President Joe Biden hails ‘novel era’ in Southeast Asian ties at special summit – Telegraph Nepal

Katrin Fidencio, San Diego, USA

The United States is committed to being engaged in Southeast Asia, President Joe Biden has said, welcoming a summit with leaders of the 10-member Association of Southeast Asian Nations (ASEAN) in Washington, DC, as a “novel era” in relations.

Speaking on the second day of the two-day meeting, Biden told the leaders on Friday that “a great deal of the history of our world in the next 50 years is going to be written in the ASEAN countries”.

Vice President Kamala Harris told the leaders that the Biden administration “recognizes the vital strategic importance of your region, a role that will only grow with time”.
“As an Indo-Pacific nation, the United States will be present and continue to be engaged in Southeast Asia for generations to come,” she said.

While Russia’s invasion of Ukraine was on the agenda, the Biden administration hoped to demonstrate that Washington remains focused on the Asia-Pacific as Beijing becomes an increasingly powerful player in the region.

By Jeff Mason, David Brunnstrom and Michael Martina for the Reuters dated May 14 report that “On Ukraine they reaffirmed “respect for sovereignty, political independence, and territorial integrity,” wording that a regional expert said went further than past ASEAN statements.
The statement did not condemn Russia by name for its Feb. 24 invasion.

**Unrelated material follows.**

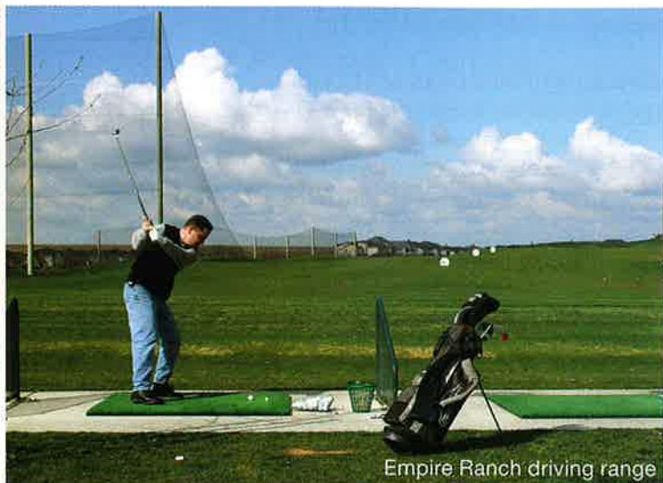
Empire Ranch driving range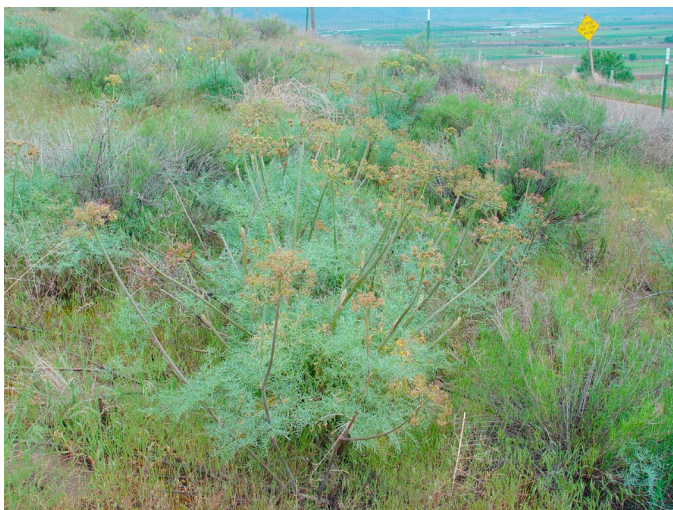
Figure 2. Fernleaf biscuitroot growing with big sagebrush, rabbitbrush, and cheatgrass near Homedale, ID.

In California, fernleaf biscuitroot occurs in rocky places in oak ( Quercus spp.) woodlands, pinyon-juniper ( Pinus-Juniperus spp.) woodlands, and mixed-conifer forests (ponderosa pine [ P. ponderosa ], California red fir [ Abies magnifica ], lodgepole pine [ P. contorta ]) (Munz and Keck 1973). In a study of soil, plant community, and climate relationships in south-central Idaho, fernleaf biscuitroot was a uniformly distributed, dominant species in basin big sagebrush ( Artemisia tridentata subsp. tridentata ) and antelope bitterbrush ( Purshia tridentata ) shrublands at Craters of the Moon National Monument. Here fernleaf biscuitroot production ranged from 394-513 lbs/acre (442-575 kg/ha) over four years (Passey et al. 1982). In a survey of little sagebrush ( A. arbuscula ) and black sagebrush ( A. nova ) communities in northern Nevada, fernleaf biscuitroot constancy was 100% in little sagebrush-Thurber's needlegrass ( Achnatherum thurberianum ) communities and 40% in little sagebrush-Idaho fescue ( Festuca idahoensis ) communities. Fernleaf biscuitroot did not occur in black sagebrush-dominated shrublands (Zamora and Tueller 1973).

This is interesting indeed.

The war in Ukraine has tested those already shaky ties, with senior US officials including President Joe Biden himself repeatedly warning the Chinese government against aiding Russia in its continuing invasion.
The opening session of the ASEAN meeting at the Department of State on Friday focused on maritime security and health issues, Harris said, while a later one was centered on climate and clean energy.

She did not mention China directly, but said the US stood with its “allies and partners in defending the maritime rules-based order, which includes freedom of navigation and international law”.

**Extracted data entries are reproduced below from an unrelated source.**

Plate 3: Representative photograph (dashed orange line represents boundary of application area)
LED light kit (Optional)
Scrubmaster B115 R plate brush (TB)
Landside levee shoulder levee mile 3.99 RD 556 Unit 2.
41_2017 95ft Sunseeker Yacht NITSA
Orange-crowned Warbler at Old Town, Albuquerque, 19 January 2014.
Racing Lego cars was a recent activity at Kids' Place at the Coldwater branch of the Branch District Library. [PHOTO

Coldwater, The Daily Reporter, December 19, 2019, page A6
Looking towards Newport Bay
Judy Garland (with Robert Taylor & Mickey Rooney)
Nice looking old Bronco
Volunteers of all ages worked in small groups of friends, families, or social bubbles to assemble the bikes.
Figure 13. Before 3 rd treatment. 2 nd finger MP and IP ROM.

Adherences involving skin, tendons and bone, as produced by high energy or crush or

ASEAN countries share many U.S. concerns about China’s assertiveness, including its claim of sovereignty over vast swaths of the South China Sea where several have rival claims.

However they remain cautious about siding more firmly with Washington, given their predominant economic ties with China and limited U.S. economic incentives. Some, like Vietnam, Laos and Cambodia, have residual historical ties to Russia.

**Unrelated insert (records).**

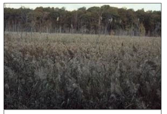
Phragmites run amok.

Phragmites is a tall, perennial wetland grass, reaching 5-10 feet in height or taller. It forms a dense network of rhizomes with deep roots, and vertical stalks arising from the rhizomes. Stiff hollow stalks support 1-2-inch wide leaves. It flowers in late July through August with bushy, gray-brown panicles. Both native and non-native subspecies occur in Ohio, with the native one being much rarer and harder to identify. The native subspecies usually is not aggressive, has smooth, shiny, somewhat purple stems, and short ligules. A few sites which are known to harbor the native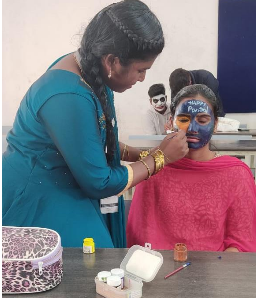
Face Painting Event – Life @ Care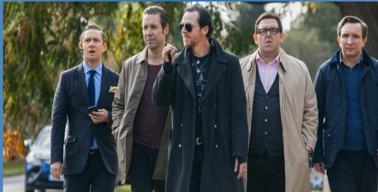
The World's End (2014)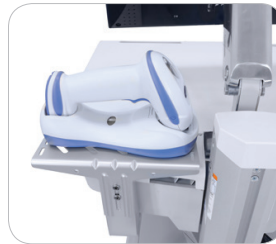
SV Scanner Shelf holds wireless scanner base onto either the front worksurface or onto the back side (shown) of the StyleView cart. 97-780-194

ASEAN states have been frustrated by a U.S. delay in detailing plans for economic engagement since Trump quit a regional trade pact in 2017.

Biden announced the intention to create IPEF, Indo-Pacific Economic Framework at a virtual summit with ASEAN leaders in October.

“On the global issue, I would like to reiterate the very consistent of the principle of Indonesia on the importance of respecting territorial integrity and sovereignty of a country to another country,” said Marsudi, according to a Department of State readout.“Our hope is to see the war in Ukraine stop as soon as possible, and we give the peaceful resolution of a conflict a chance to succeed. Because we know that if the war continues, all of us will suffer.”For his part, Blinken thanked Retno Marsudi for Indonesia’s leadership in the region.
Marsudi is the foreign minister of Indonesia.

“We are working together across the board to advance a shared vision of a free and open Indo-Pacific region. We’re working to strengthen economic ties among countries in the region. We’re working together to deal with global challenges, like COVID-19,” he said.